***** Task inputs

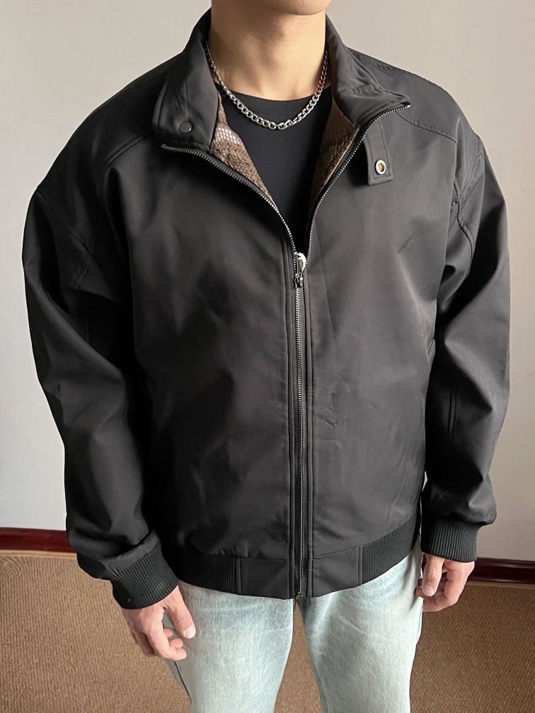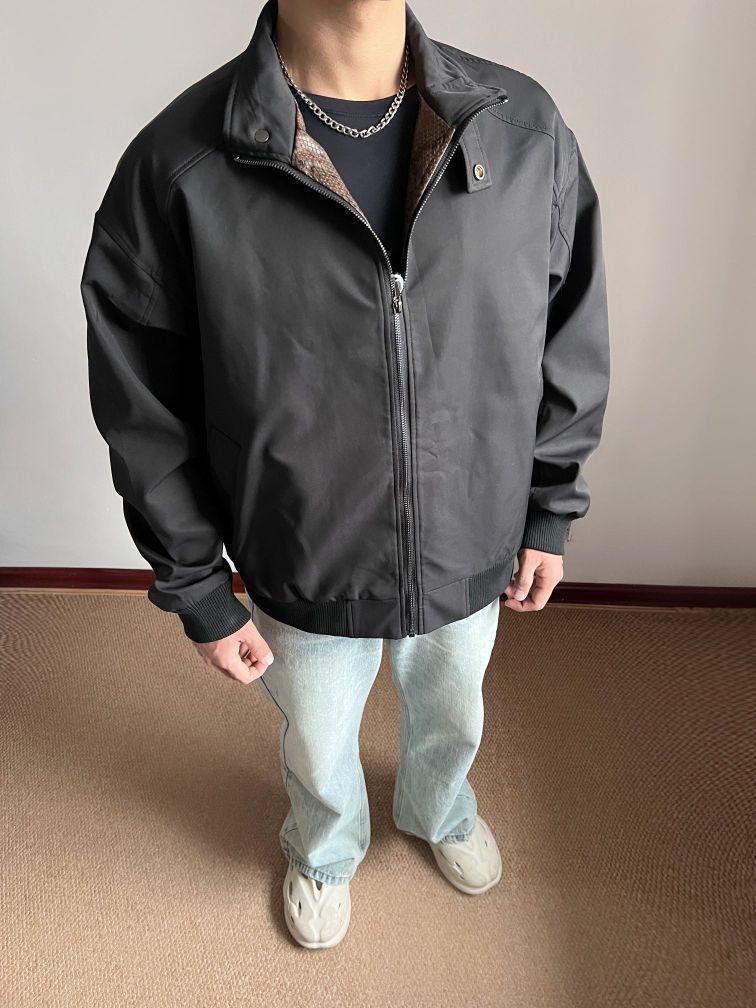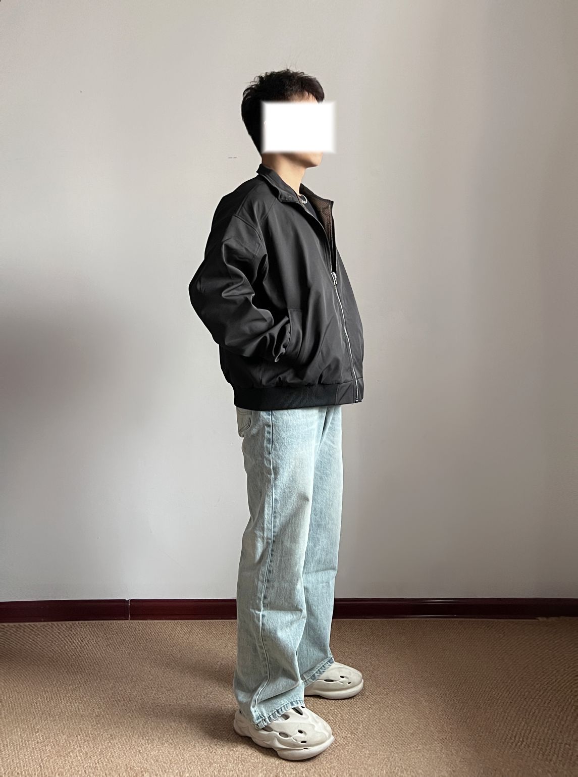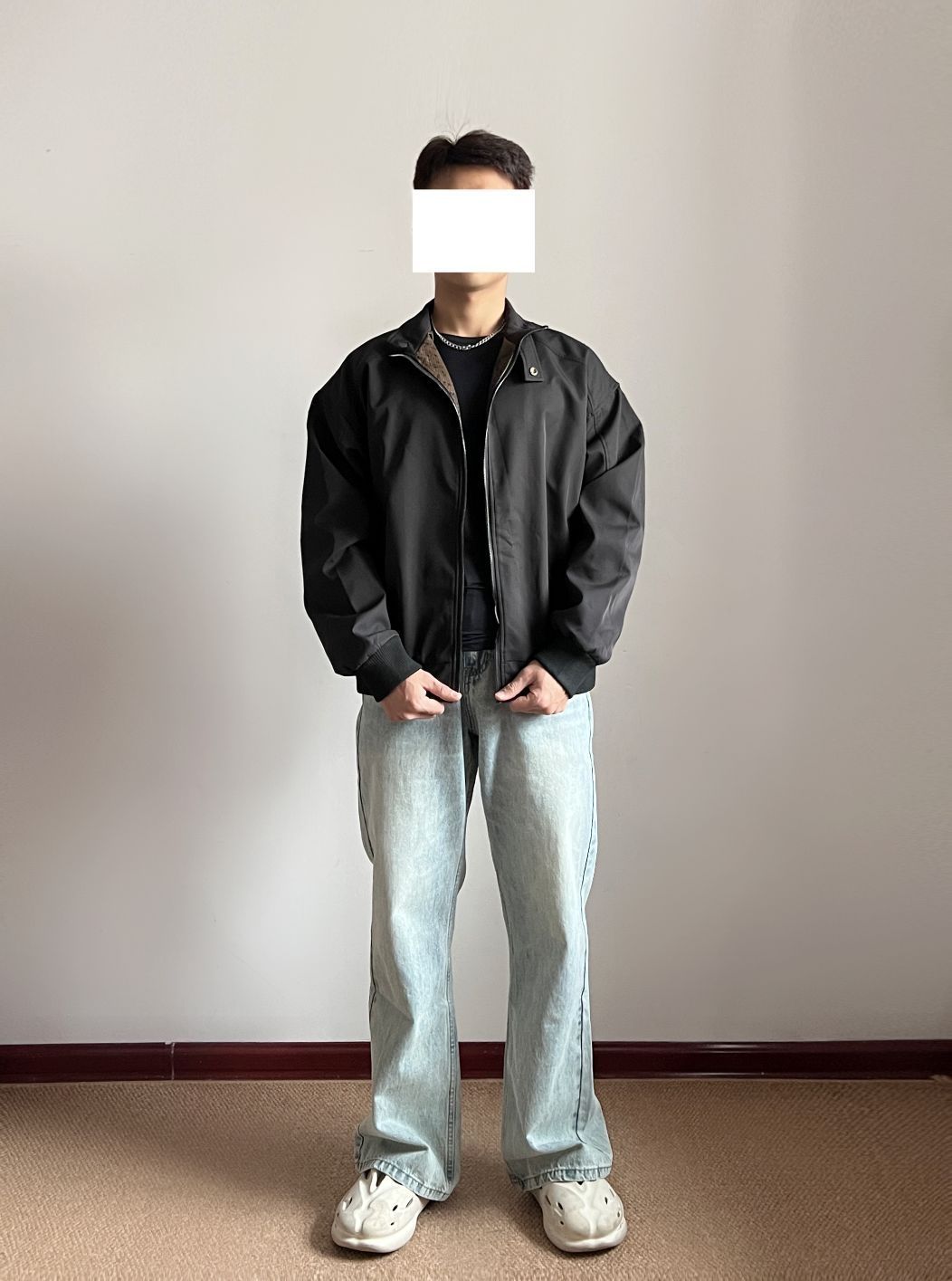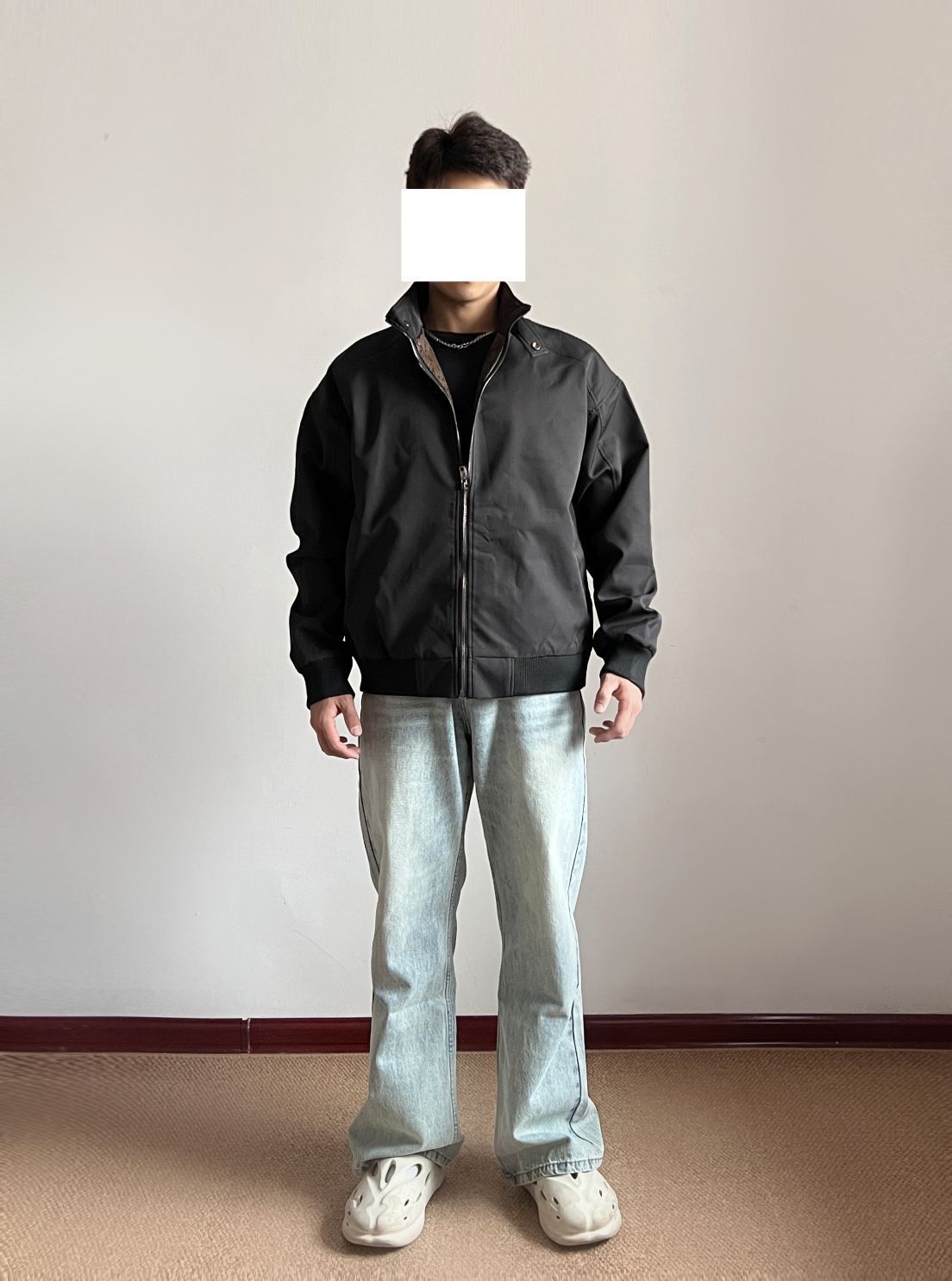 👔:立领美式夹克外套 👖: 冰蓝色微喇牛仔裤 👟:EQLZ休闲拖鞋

**********
***** Task inputs

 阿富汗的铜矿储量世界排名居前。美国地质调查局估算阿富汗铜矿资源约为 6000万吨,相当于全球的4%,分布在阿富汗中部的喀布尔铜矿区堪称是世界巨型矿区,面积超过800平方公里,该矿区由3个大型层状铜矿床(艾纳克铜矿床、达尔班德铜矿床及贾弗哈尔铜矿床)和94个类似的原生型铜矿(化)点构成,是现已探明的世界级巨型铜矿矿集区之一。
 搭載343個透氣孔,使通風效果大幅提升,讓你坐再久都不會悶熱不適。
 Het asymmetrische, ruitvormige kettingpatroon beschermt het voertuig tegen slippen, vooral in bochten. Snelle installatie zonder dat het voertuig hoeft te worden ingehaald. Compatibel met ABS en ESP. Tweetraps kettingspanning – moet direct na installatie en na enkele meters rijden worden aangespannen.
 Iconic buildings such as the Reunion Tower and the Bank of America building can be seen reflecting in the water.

**********

Problem requirements: Of the lines above, retype only those from the line containing "搭載343個透氣孔,使通風效果大幅提升,讓你坐再久都不會悶熱不適。" through the line containing "Het asymmetrische, ruitvormige", including both, exactly.

Result of the task:
 搭載343個透氣孔,使通風效果大幅提升,讓你坐再久都不會悶熱不適。
 Het asymmetrische, ruitvormige kettingpatroon beschermt het voertuig tegen slippen, vooral in bochten. Snelle installatie zonder dat het voertuig hoeft te worden ingehaald. Compatibel met ABS en ESP. Tweetraps kettingspanning – moet direct na installatie en na enkele meters rijden worden aangespannen.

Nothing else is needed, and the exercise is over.